Changing pressure gas-liquid flow at a height of the lift tube airlift leads to a corresponding change in the hydrodynamic parameters water-air mixture, and, often, and its structure. Improving the energy efficiency of gas-liquid elevators suggests the possibility of quantifying the distribution of power supplied to the apparatus, including height and lifting pipe. Such an analysis must be performed for the characteristic modes of airlift, one of which is the regime of maximum flow. Along with the slug and emulsion, the airlift is possible to realize a ring structure water-air mixture, especially when working at small relative immersion mixer (α <0,2), as is the case, particularly when cleaning sumps skip shafts of coal mines, etc. Therefore, the quantitative analysis of the distribution of the hydrodynamic parameters of the circular water-air flow at a height of the lift tube airlift mode of its maximum capacity is an urgent scientific and practical challenge.
2. Analysis of research and publications.

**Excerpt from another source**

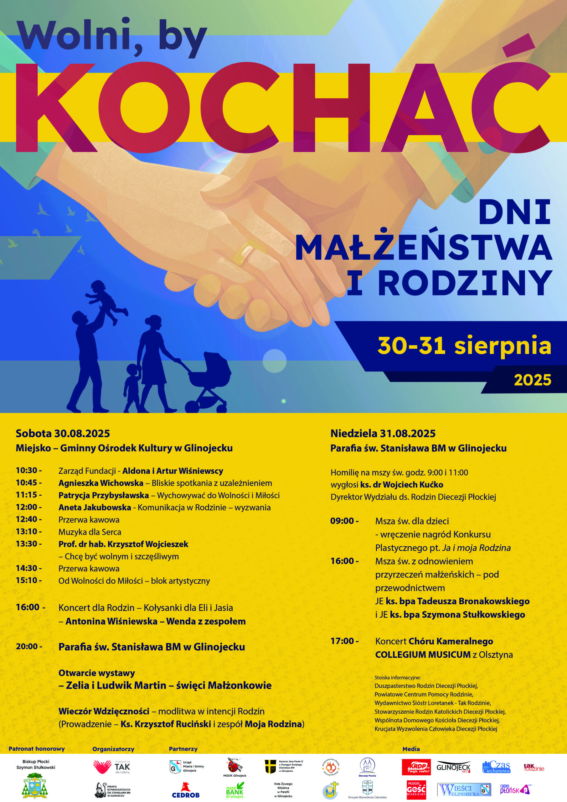 W dniach 30-31 sierpnia 2025 r., już po raz trzeci w Glinojecku, pod patronatem Biskupa Płockiego Szymona Stułkowskiego, odbędą się Dni Małżeństwa i Rodziny, których hasłem są słowa: „Wolni, by kochać”. Fundacja Tak dla Rodziny i Parafia św. Stanisława BM w Glinojecku zapraszają w sobotę, 30 sierpnia br., na ciekawe spotkania, konferencje, wykłady, wystawę, prezentacje artystyczne, a nade wszystko wspólną modlitwę za wstawiennictwem świętych małżonków – Zelii i Ludwika Martin. W niedzielę, 31 sierpnia br., podczas Mszy św. o godz. 9:00 i 11:00 czeka nas „podróż śladami życia” świętych małżonków, którą poprowadzi ks. dr Wojciech Kućko, zaś o godz. 16:00 Eucharystia z odnowieniem przyrzeczeń małżeńskich, której będzie przewodniczył Biskup Pomocniczy Diecezji Łomżyńskiej Tadeusz Bronakowski. Będzie się z nami modlił także Biskup Płocki Szymon Stułkowski.

Analysis of changes in hydrodynamic parameters, mainly the pressure and power, [1, 2, 3] is executed, depending on the gas-liquid flow of compressed air lift. Of the distribution of gas content, density, velocity, gas-liquid mixture and its components, as well as pressure and flow capacities of water-air vertical lift tube airlift in these studies were not considered. A similar problem was solved in [4] for the structure of the slug gas-liquid mixture in the lift tube airlift. However, given the fundamental differences in the physical basis of slug and annular structures of water-air flow [5] and the principles of mathematical modeling of business processes airlifts with these structures [6, 7], we should expect differences in the patterns of change in the hydrodynamic parameters of gas-liquid flows with a ring structure on well-known established laws with respect to the two-phase slug flow in the airlift mix.
3. Formulation of the problem.
For maximum flow regime, as one of the characteristic modes of airlift, to establish patterns of changes in hydrodynamic parameters of the circular water-air flow in a vertical height of the lift tube gas-liquid lift.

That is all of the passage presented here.